Aside from shooting the action, I was also doing a bit of charity work for The Great Ormand Street Hospital over the weekend. My task was to get a T-shirt and some photos signed by all the drivers so that they can be auctioned off ahead of the British Grand Prix. But a driver’s time is very strictly regimented at a grand prix, and getting simple signature can be quite difficult between all their briefings, press conferences and driving duties.
But with the help of the press officers and by being time in the right place at the right time I managed to get all of them. The only ones I needed a bit of extra help with were the two Ferrari drivers and Michael Schumacher. Ferrari’s photographer Ercole Colombo helped me out with Fernando Alonso and Felipe Massa, I just told him what I wanted and he took the shirt straight into one of their briefings and came back with two signatures – you can’t ask for any more than that.
As for Michael, I’d given the shirt to him on Thursday morning but he had so many meetings he didn’t have time to sign it. Eventually his trainer got him to do it for me, so by the end of Friday I had all the signatures in place, which was a relief because it meant I could focus on my day job again.
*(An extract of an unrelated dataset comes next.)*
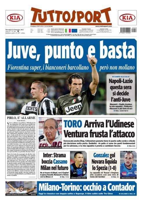 TUTTOSPORT JUVENTUS – Anche Tuttosport sottolinea la grande prova della Fiorentina che blocca la Juventus.
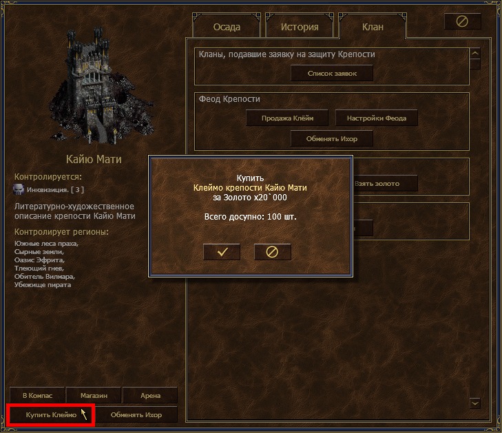 Если владелец крепости настроил вчера феод и выставил клейма на продажу, то сегодня любой игрок может купить клеймо этой крепости по выставленной цене (если клейма ещё остались в продаже). Игрок не может иметь больше одного клейма какой-то конкретной крепости одновременно, следующее можно будет купить только после того, как закончится предыдущее, но можно иметь сколько угодно клейм разных крепостей. Приобретя клеймо, игрок получает возможность клеймить монстров на территориях, подконтрольных крепости, в которой это клеймо приобретено. Использовать это клеймо в регионах других крепостей и в местах, где клеймить вообще нельзя, не выйдет. Узнать, какие территориии подконтрольны крепости, можно зайдя в крепость и посмотрев на список "Контролирует регионы:"

We didn’t have many VIPs in the paddock in Turkey, but one person who did make an appearance was the world’s tallest man. He’s 8 foot 1 inch and we wanted to get a picture of him alongside Bernie Ecclestone – just for comparison’s sake – but unfortunately it didn’t happen. My kids collect the Guinness Book of Records and he’s been in there for some time, so it was a strange experience seeing him in real life. But he was really good and posed for photos with Red Bull and a few of us photographers as well.
We’re heading off to Montreal next, which makes a very welcome return to the calendar after a year out. I’ve heard it’s already sold out, which is great news as the whole town gets behind the event and you get a real carnival atmosphere. As a photographer it’s a fairly good venue because you’ve got plenty of trees to use as a backdrop and even a bit wildlife, with the occasional groundhog going on a suicide mission across the track. It’s fenced off all the way around which doesn’t help, but because we’ve been going there for such a long time we know where to get the best shots. It’s a lovely part of the world and I’m already looking forward to the great seafood, wine and people we meet there every time we go.